[[ Given information open ]]

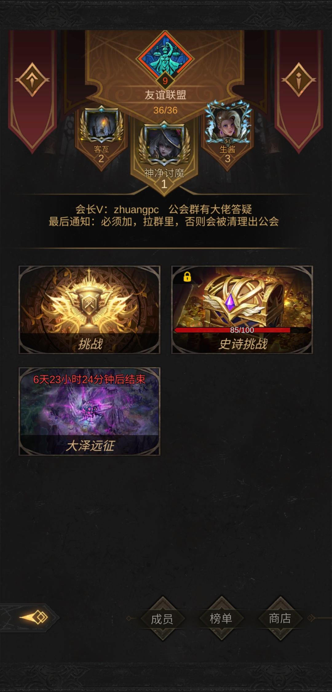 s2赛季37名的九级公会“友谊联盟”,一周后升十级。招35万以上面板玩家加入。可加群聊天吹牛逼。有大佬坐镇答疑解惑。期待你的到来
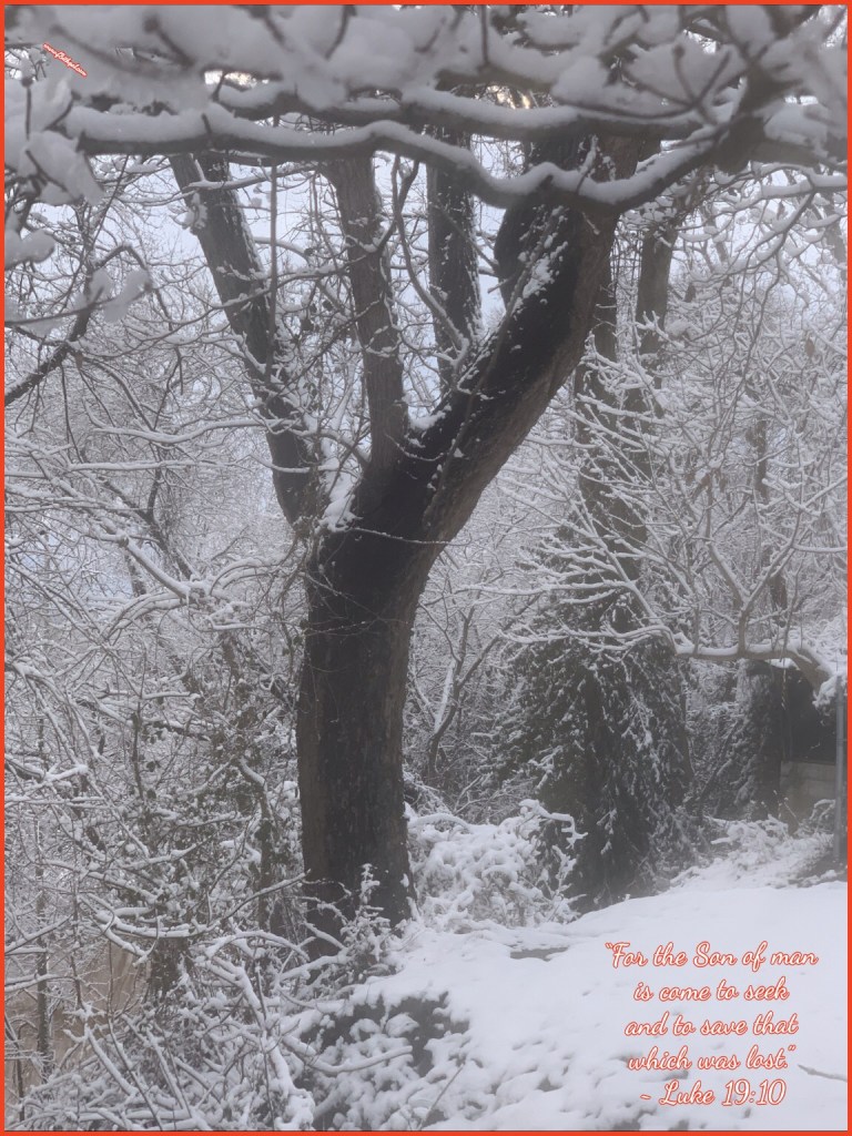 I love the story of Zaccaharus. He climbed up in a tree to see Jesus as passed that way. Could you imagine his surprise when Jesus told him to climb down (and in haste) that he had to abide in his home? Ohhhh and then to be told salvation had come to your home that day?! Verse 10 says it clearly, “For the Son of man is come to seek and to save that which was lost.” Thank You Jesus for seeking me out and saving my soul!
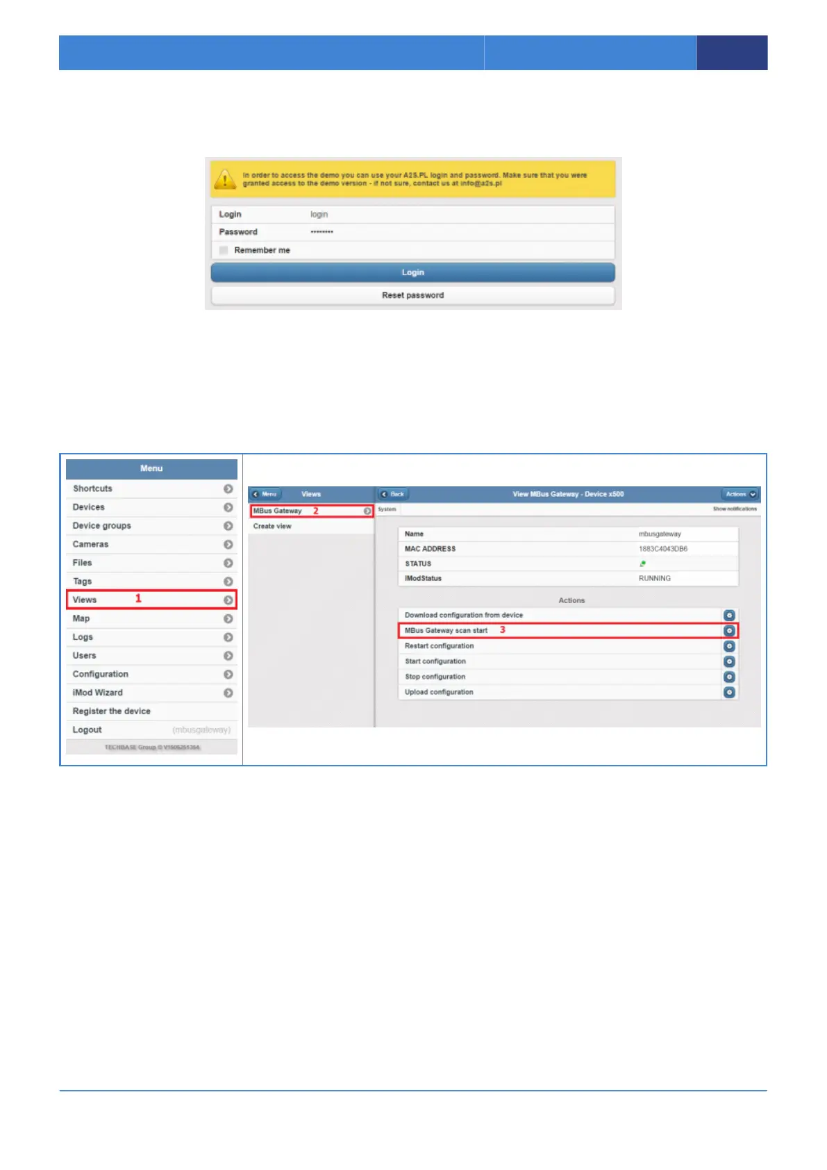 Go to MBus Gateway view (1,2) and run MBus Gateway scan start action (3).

[[ Given information closed ]]

Requirement:
Return all of the material precisely as written. No picture belongs in it.

Task answer:
 s2赛季37名的九级公会“友谊联盟”,一周后升十级。招35万以上面板玩家加入。可加群聊天吹牛逼。有大佬坐镇答疑解惑。期待你的到来
 I love the story of Zaccaharus. He climbed up in a tree to see Jesus as passed that way. Could you imagine his surprise when Jesus told him to climb down (and in haste) that he had to abide in his home? Ohhhh and then to be told salvation had come to your home that day?! Verse 10 says it clearly, “For the Son of man is come to seek and to save that which was lost.” Thank You Jesus for seeking me out and saving my soul!
 Go to MBus Gateway view (1,2) and run MBus Gateway scan start action (3).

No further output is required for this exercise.